Protein expression through immunohistochemistry in different NF1- associated tumors
Parafﬁn-embedded surgical resection specimens were retrospectively collected from the archives of the Tissue Bank at Department of Pathology, Chang Gung Memorial Hospital, for subsequent molecular analysis. Five micrometer sections mounted onto poly-L-lysine coated slides were deparaffinized and rehydrated in graded alcohols and distilled water. Endogenous peroxidase activity were quenched by incubation in 3% hydrogen peroxide in methanol for 20 min. Antigen retrieval were done by microwaving at high power for two cycles of 5 min each with a 10 min break between cycles in citrate buffer at pH 6.0. Slides were incubated with each primary antibodies at 4℃ overnight. A mouse monoclonal antibody NF1 (A-12) (Sc-74445; Santa Cruz Biotechnology, Santa Cruz, CA), targeting amino acids 1-300 of the NF1 protein, was used as NF1 primary antibody. The SUZ12-antibodies used in this study was mouse monoclonal antibody against clone SUZ220A (ab126577; Abcam, Cambridge, UK). Immunohistochemistry for H3K27me3 was performed using a rabbit polyclonal antibody directed against the trimethylated lysine 27 residue of the N-terminal portion of histone H3 (1:500 dilution; Cat.# 07-449; Millipore, Billerica, MA, USA). Following the incubation of primary antibodies, these slides were then incubated with horseradish peroxidase-avidin-biotin complex (Vectastain ABC Elite, Vector Laboratories).

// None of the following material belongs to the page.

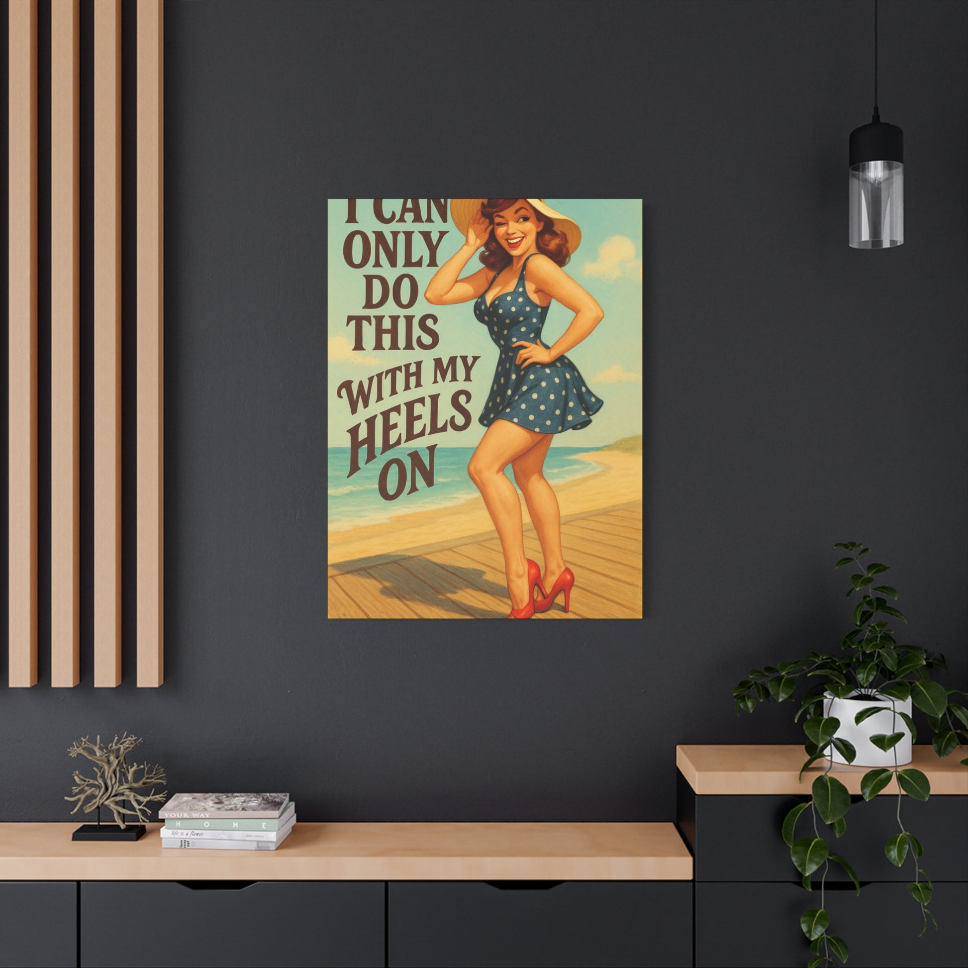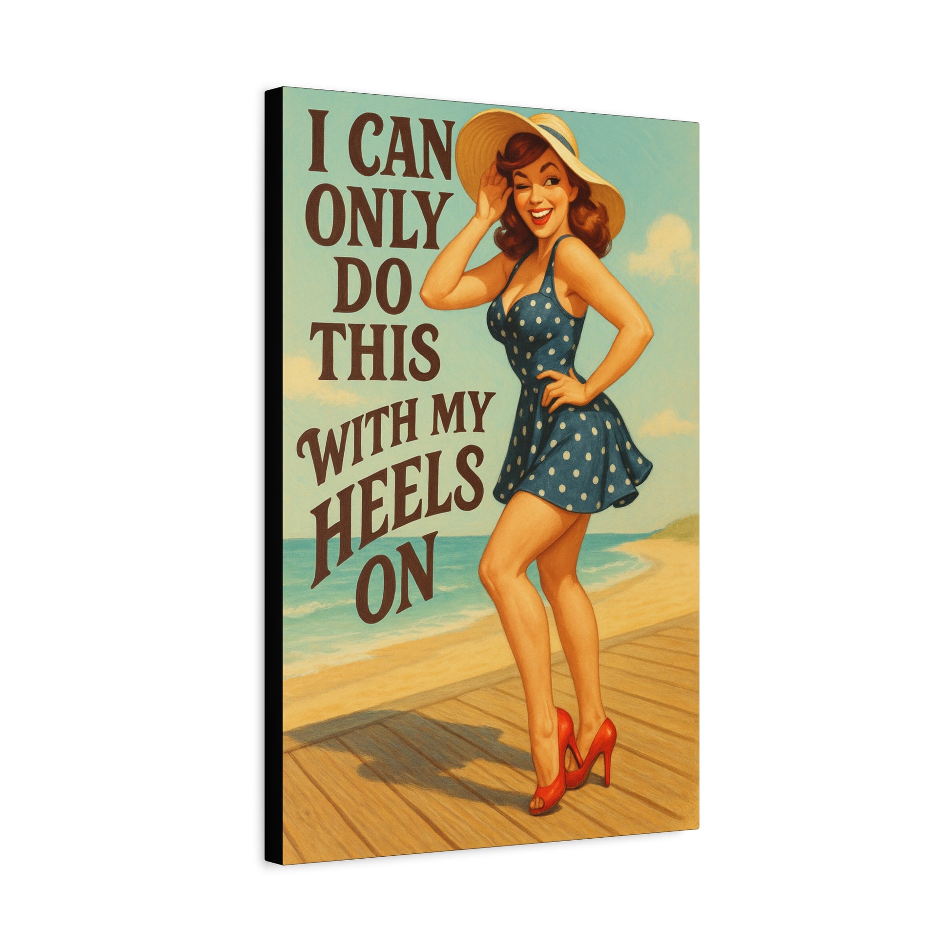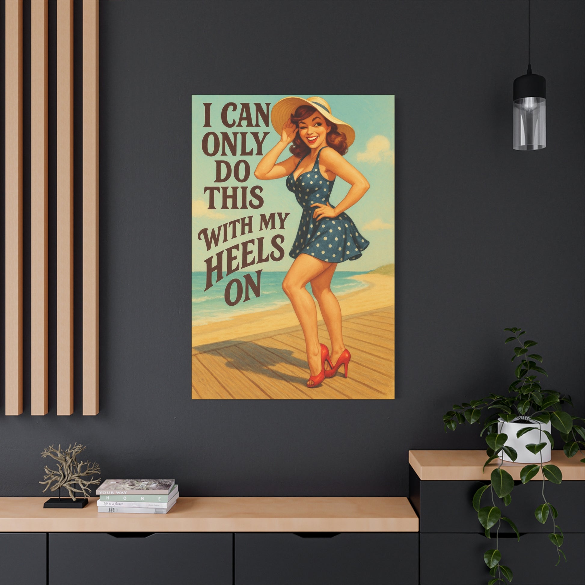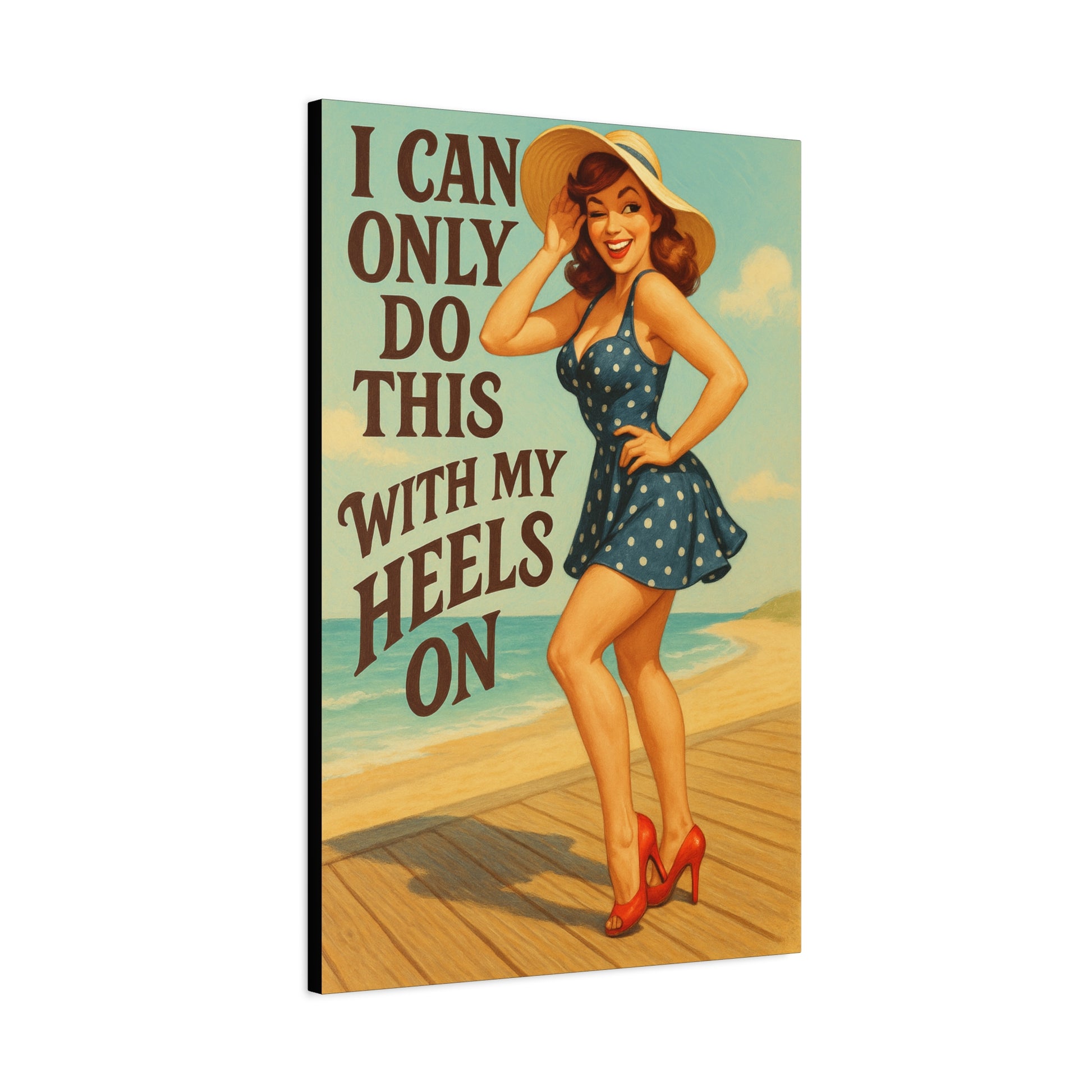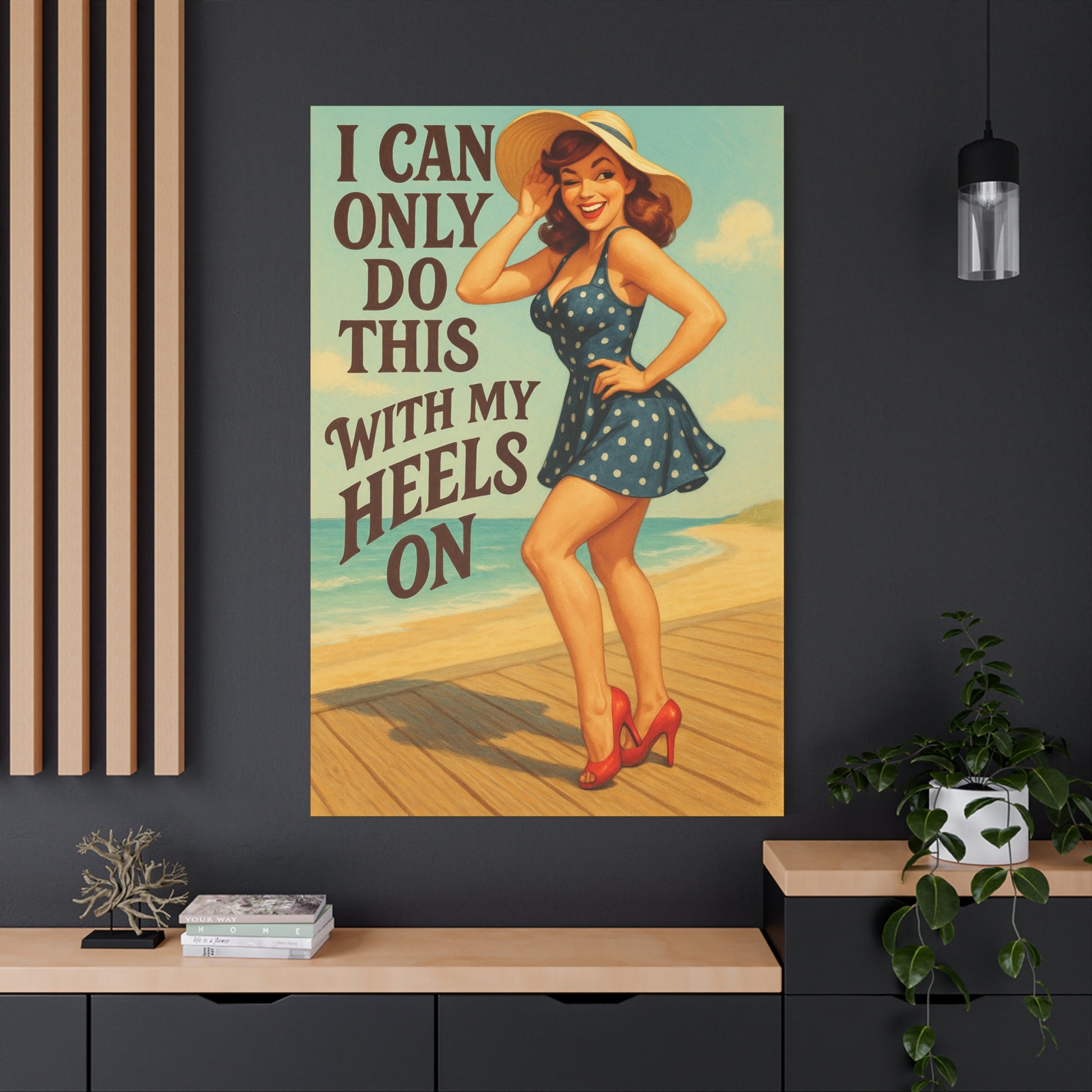 This humorous canvas print features a pin-up girl on the beach wearing heels with the saying 'I can only do this with my heels on.' Perfect for adding a playful and cheeky touch to any room decor. Ideal for those who appreciate vintage style and humor. Great for gifting on birthdays, bachelorette parties, or as a fun housewarming present.

The enzyme-binding site were visualized by 3, 3-diaminobenzidine (DAB-kit, Vector Laboratories). Non-specific binding of secondary antibody were then blocked by incubating in 10% normal horse serum in PBS containing 1% BSA. Finally, the slides were counterstained with hematoxylin and dehydrated in graded alcohol; air dried, and mounted using Resin-based mounting medium under coverslips. The results of immunoreactivity of each antibody were evaluated by pathologist and scored according to the percentage of tumor cells with positive nuclear immunostaining and staining intensity. Each sample was scored as follows: －, negative; 1＋, 5% positive cells; 2＋, 6-50% positive cells; 3＋, >50% positive cells.
SPSS 13.0 software package was used for all statistical analyses. For evaluation of the difference in percentage of numbers of mutation, the Mann-Whitney U test was performed. A P value of <0.05 was considered to be statistical significance.